I have a breeding net in my tank with about 10 small guppy fry in it. There's about 1/8-1/4 of an inch of space between the top of the waterline and the top of the breeding net. Every once in a while the male Lyretail molly will find it's way in there. My thing is, how the heck did it get in there? 
Nobody moved it in there and when i came home today it was just in there.
It didn't try to eat any of the fry but it's really strange. I have no idea how it happened. 

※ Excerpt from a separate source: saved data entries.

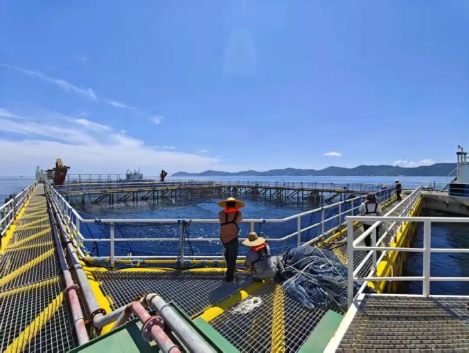 台风“塔巴”将至,工作人员对“台山1号”养殖平台开展防护工作。
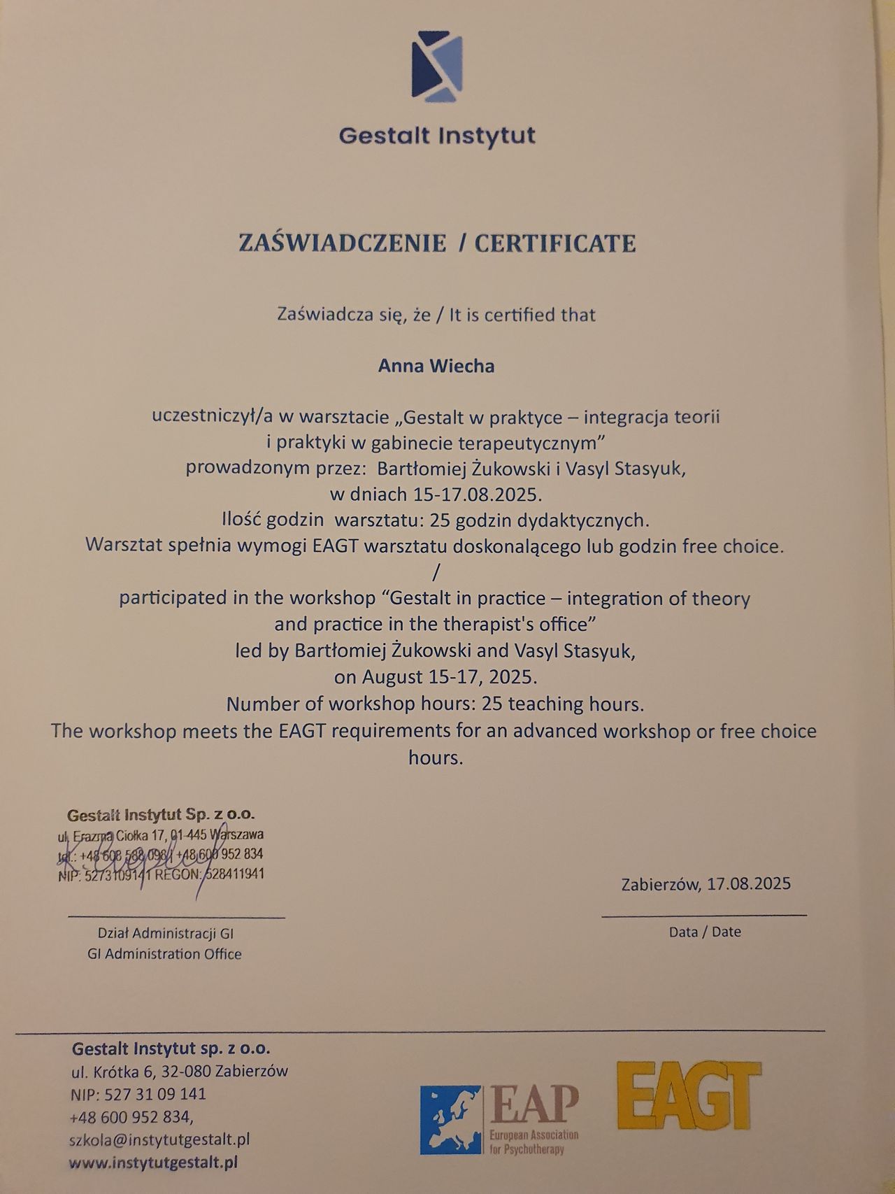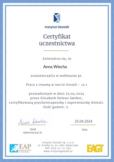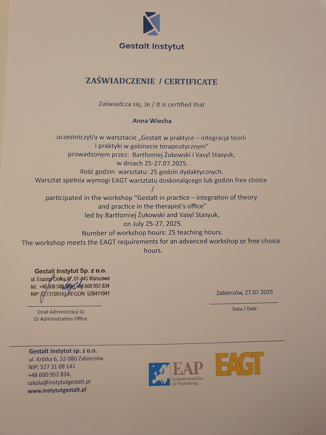 Jestem psychoterapeutką w trakcie certyfikacji,ukończyłam czteroletnie szkolenia w Gestalt Instytut w Krakowie. Gestalt Instytut jest akredytowany przez Europejskie Stowarzyszenie Psychoterapii Gestalt, PolskieTowarzystwa Psychoterapii Gestalt. Udzielam wsparcia w trudnych sytuacjach życiowych, jak np. problemy w relacji, związku, rozstanie, brak poczucia własnej wartości, żałoba wypalenie zawodowe, mobbing , ataki paniki, lęk, depresja nadmierne napięcie. Towarzyszę osobom borykającym się z trudnymi emocjami, sztywnymi schematami i relacjami. Jeśli potrzebujesz wsparcia w poszukaniu siebie, odkryciu swoich potrzeb, poczucia własnej wartości, jeśli chcesz lepiej zrozumieć swoje zachowania i mechanizmy obronne, to przyjdź. Zapraszam Cię serdecznie! Dam swoją obecność, czas, wsparcie i bezpieczną przestrzeń do poszukania Siebie. Kompetencje : Swoje kompetencje poszerzam poprzez udział w warsztatach, treningach terapeutycznych, webinarach (m.in.” Praca z traumą”,” Wstyd w ujęciu relacyjnym”,) a także psychoterapii własnej. Staż odbyłam w Katedrze i Oddziale Klinicznym Psychiatrii w Tarnowskich Górach. Pracuję pod regularną superwizją i w zgodzie z zasadami Kodeksu Etyki Zawodowej. Ukończyłam Śląski Uniwersytet Medyczny. A Gestalt to..... „Gestalt to przede wszystkim pogłębiony kontakt z człowiekiem. To spotkanie oparte na przyjęciu i akceptacji. To towarzyszenie w tym, co chce dla siebie zmienić, jak chce poznać lub zaakceptować to, jak jest. To kontakt z Kimś, kto ma swoje własne doświadczenia, perspektywę, mocne i słabe strony, Kto jest całością- z emocjami, duszą i ciałem „ Gro Skottun, Ashild Kruger, Praktyka Terapii Gestalt.
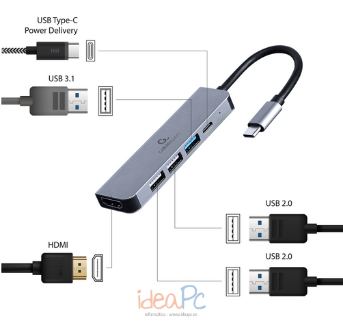 La mayoría de los hubs básicos ocupan el puerto de carga y te dejan trabajando con la batería. Este modelo incluye tecnología Power Delivery (PD), lo que significa que puedes conectar el cargador de tu portátil directamente al hub y este pasará la energía a tu equipo mientras utilizas el HDMI y los puertos USB.
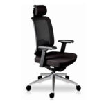 Base de aluminio de 27″. Mecanismo synchro dos palancas (ajuste de altura y ajuste de reclinamiento), con pistón cromado rebasador de base.
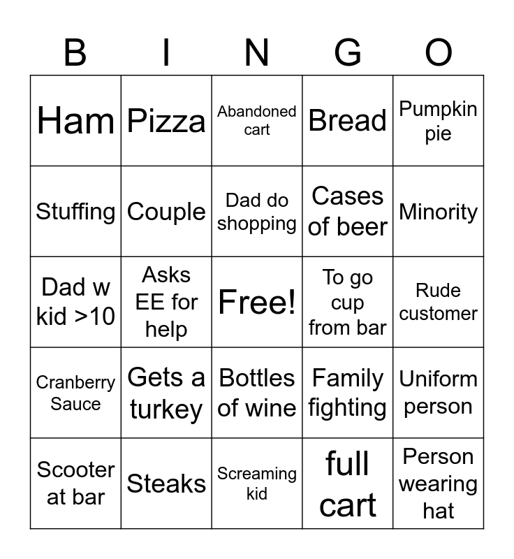 This bingo card has a free space and 25 words: Gets a turkey, Screaming kid, Dad do shopping, Scooter at bar, Pumpkin pie, Ham, Stuffing, Pizza, To go cup from bar, Bottles of wine, Cases of beer, Dad w kid >10, Family fighting, Uniform person, Couple, Drunks at bar, Rude customer, Abandoned cart, Minority, Asks EE for help, Person wearing hat, Steaks, Cranberry Sauce, Bread and full cart.
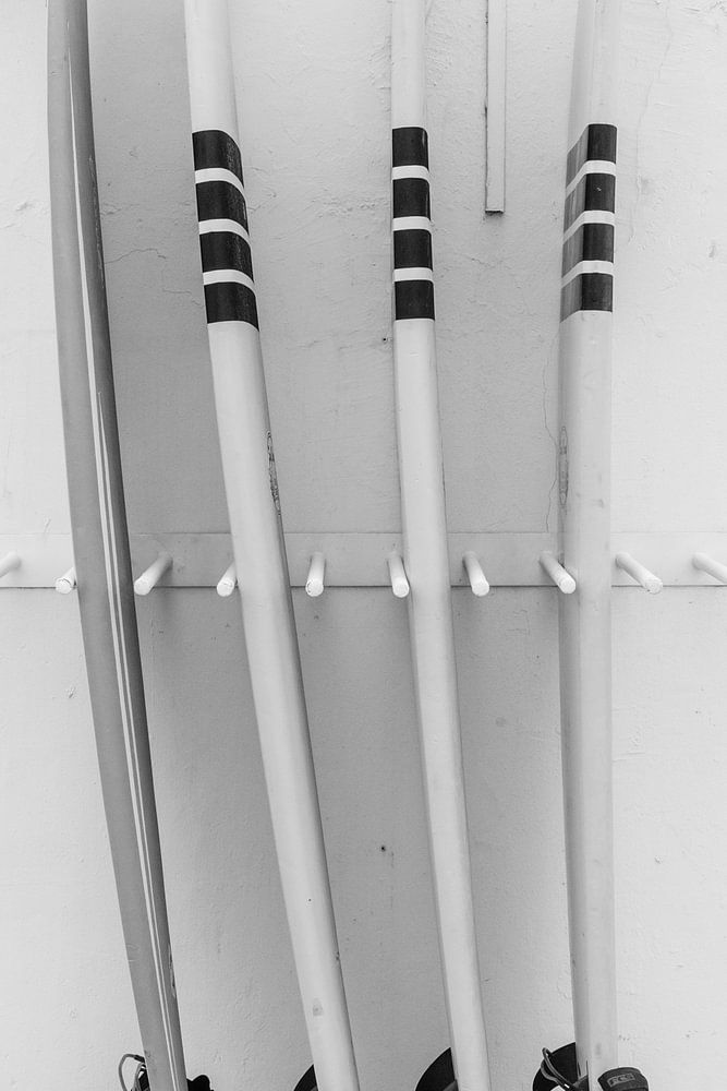 Schwarz-Weiß-Surfbild für die Wand. Vier Surfbretter stehen in einem Gestell vor der weißen Wand eines typischen bretonischen Hauses. Bereit zum Surfen, zum Fangen von Wellen und zum Erleben von (Surf-)Abenteuern auf dem Meer.
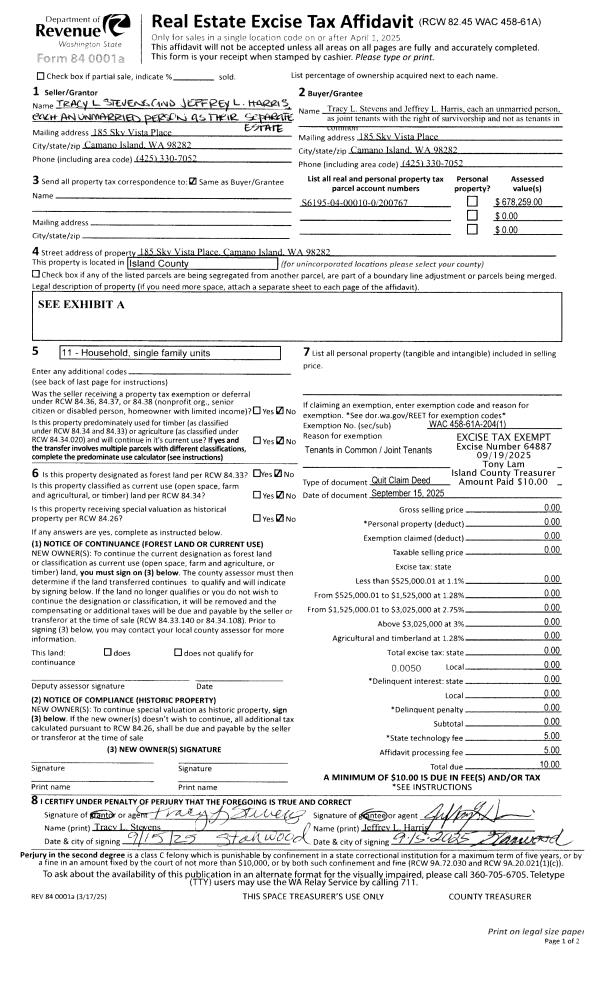 | Mailing Address: | 2741 DUSTY LN OAK HARBOR, WA 98277 | % Ownership: | 100.0000000000% |
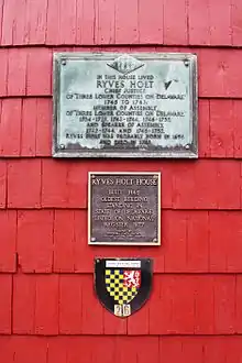 The building, which has been dated to 1665 using dendrochronology, served as one of the earliest inns in the region. It was run for a time by Philip Russell, who was "recorded as a cupbearer to William Penn".[1] After coming to "Port Lewes" in 1721, Ryves Holt, the first Chief Justice of Sussex County, purchased the house. The Lewes Historical Society currently owns and operates the building.[2] On December 30, 2014, the Ryves Holt House was added to the First State National Historical Park.[3]
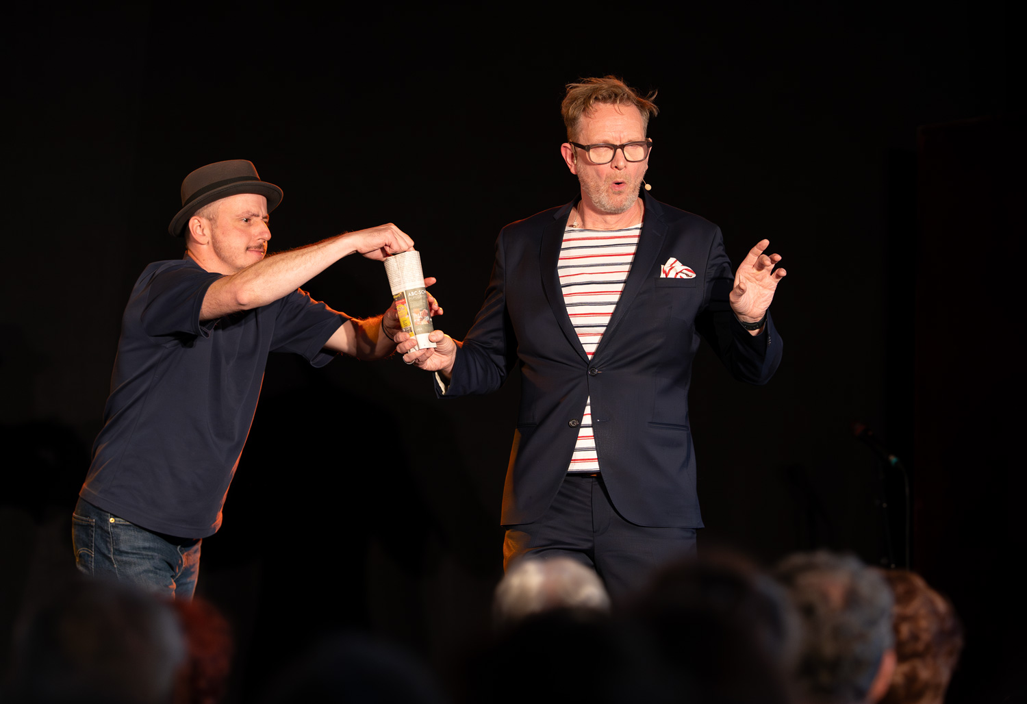 In Bad Belzig war Zauberer Martin Sierp so freundlich, einen seiner Tricks dem Publikum zu verrraten. Er wiederholte ihn in Zeitlupe, auch sprachlich, und so sah man noch einmal Stefan Danziger als heimlichen Zaubergehilfen. In Sierps interaktiven Show musste das Publikum mitmachen, und es machte – nach zwei Absagen – tatsächlich mit. Sierp ließ sich von dem Ehepaar Maria und Stefan aus Beelitz erzählen, wie sie sich kennenlernten. Und spricht es dann als Bauchredner nach, wobei Maria und Stefan lediglich den Mund mitbewegen müssen. Es ist zum Brüllen komisch – und entsprechend reagieren die beiden auf der Bühne und auch das Publikum. Ein Wunder, dass diese Nummer nicht zum Gewinn der Bachstelze reichte. Das Mitmachpaar bekommt als Dank zwei Freikarten zu einer Veranstaltung von Martin Sierp ihrer Wahl.
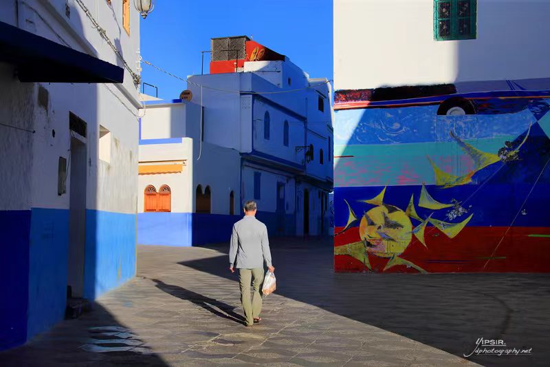 清晨摄影领队带队大家步行前往拍摄哈桑二世清真寺作为背景的海边日出。返回酒店早餐后,驱车游览拍摄点【拉巴特清真寺广场】它是摩洛哥四大皇城之一,精致的建筑让人眼前一亮。抵达【乌达亚堡】拍摄,在这里的一瞬间,你会误以为自己穿越到了一个爱琴海边上的小渔村,蓝白相间的街道和民房,气息是如此的清新,期间点缀的各式古老的小门充满情趣。下午抵达【艺术小镇-艾西拉拍摄】,这里游客较少没有中国团队入住,适合拍摄,大家尽情游览拍摄小镇风情直到日落时分。

Any thoughts? This particular fish isn't really know for being chased or anything in the tank. Nor is it typically a very fast swimmer. It usually just swims around gently and gracefully.

Any thoughts? 
What if one of the larger ones got into the net? The fry would be toast.


----------



## solar-ton (Aug 15, 2005)

it probally just jumped in btw is it heavilly pregnant it could just want a small space for a cave


----------



## solar-ton (Aug 15, 2005)

lol when i go to feed my snakeskin gourami she swims up and down and snaps her mouth its so funny cause shes so fat lol she has a huge freakin head too


----------



## Lisachromis (Jan 19, 2005)

Yes they can jump. They can jump quite well. It's possible that during the night another fish scared the molly and it jumped, ending up in with the fry.


----------



## Alin10123 (May 22, 2005)

solar-ton said:


> it probally just jumped in btw is it heavilly pregnant it could just want a small space for a cave


Lol, this is a male one.


----------



## Lydia (Feb 6, 2005)

hmmm....a pregnant male?? :shock:


----------



## Vivid-Dawn (Jan 18, 2005)

My molly would jump (not too far, though) up to get flightless fruit flies, when I fed them to my livebearers. Danios also went crazy for them. My catfish ignore live stuff, though...weirdos!


----------



## mlefev (Apr 19, 2005)

It wouldn't surprise me. I left my breeding net in my tank after I took my platy out (she was going nuts). I woke up the next morning to find her and a neon tetra in the net. If they'll jump, I'm pretty sure a molly would jump.


----------